Jenny’s 50 Shades of Grey movie review.

Posted in Uncategorized

I know a lot of you have been waiting for me to go see 50 Shades of Grey and come roaring back to the blog in a blaze of righteous fury, but it’s a little difficult for me to do. The film is bad. And not bad in a fun, Showgirls kind of way. Bad in the way that feels like you’d be doing the actors a service by turning away from the screen and sparing all of you a lot of embarrassment.

In her role, Dakota Johnson did the impossible: she made me like Anastasia Rose Steele. Every annoying quirk and simper of her book counterpart is washed away, in part because the audience is spared the litany of complaints and absurdly antiquated expletives that made up her internal monologue in the book . Although she still bites her lip–my guess is that at least $500,000 of the film’s $60M budget was spent on chapstick–and trips over her own feet, movie Ana is funny and endearing. She has a backbone that book Ana lacked, and more sexual agency than E.L. James afforded her. There were places in the film where her delivery seemed to suggest that she was as bewildered by the actions of Christian Grey as the audience should have been.

The best that can be said about Jamie Dornan is that he showed up to the set and stood in the correct lighting. I can’t even say that he did the best he could with what he had to work with. It has to be difficult to perform in a role where the character’s singular personality trait is “sexy weirdo,” but Dornan doesn’t even appear to be trying. There’s a sense throughout that he knows he’s too good for the material, but rather than coming off with the same oh-jeez charm that Johnson exudes, Dornan flounders, seemingly unwilling or unable to find a workable angle to slip more than one dimension into the character. It’s as though the leads are aware that they’re in a bad movie, but only one of them is trying to make the most of it.

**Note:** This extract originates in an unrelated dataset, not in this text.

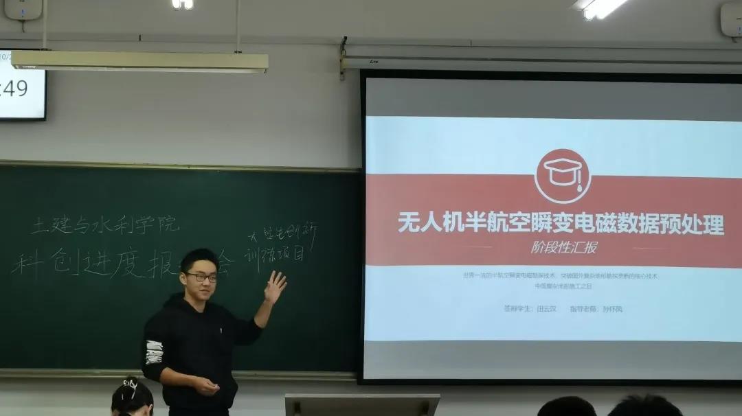 科创团队研究的主题丰富多样,但都对科研充满热情,有着严谨认真的科研态度。张智棋团队介绍了科研项目的流程,明确了接下来的研究方向,并对何玥提出的有关研究黄土湿陷性的研究目的和预期成果进行进一步阐述;阎相君作为陈博文团队的代表,生动地展示了现浇式楼板施工方式,并介绍了项目进展情况和科创团队科研的具体经历;魏方晨在交流中寄语新生,“我们多数人以往从未想过钢管的结构是怎么样的,但正是科研,要求我们去探索观察我们从未了解的事情,刷新对世界的认识。”不论是方雅欣讲述的硬核的学习经历,还是田云汉幽默诙谐的故事分享,都完美地展现了山大学子知行合一、实事求是的科研态度。在提问交流环节,何玥进一步了解项目内容,帮助报告人明确研究方向并提出建议。

The rest of the cast is hit-or-miss. Marcia Gay Harden breezes through her scenes as Christian’s mother in a bad impression of Lucille Bluth, while Jennifer Ehle infuses the role of Ana’s hopelessly romantic mom with effortless maternal sweetness. The fathers might as well be wallpaper, and Rita Ora, whose casting was touted as the second coming when it was announced, is reduced to uttering a handful of earnestly delivered, but forgettable lines. She shows a lot of promise for the sequels; though the script keeps her effectively silent, she steals the attention from the rest of the supporting cast in her scenes.

Screenwriter  Kelly Marcel and director Sam Taylor-Johnson managed to trim many of the most ridiculous and creepy bits from the novel. Not only did they do away with the infamous tampon interlude, but they mercifully shortened the fingering-under-the-dinner-table scene at Grey’s parents’ house, and we were spared Ana’s forced gynecological consultation. References to the helicopter were reduced by at least 90%, and when Christian fails to kiss Ana outside of the coffee shop, she doesn’t crumble to the ground weeping in a parking garage. Gone too is any mention of Ana’s sexual non-history. Though she tells Christian that she’s a virgin, the script doesn’t bring up her startlingly absent pre-Grey sexuality.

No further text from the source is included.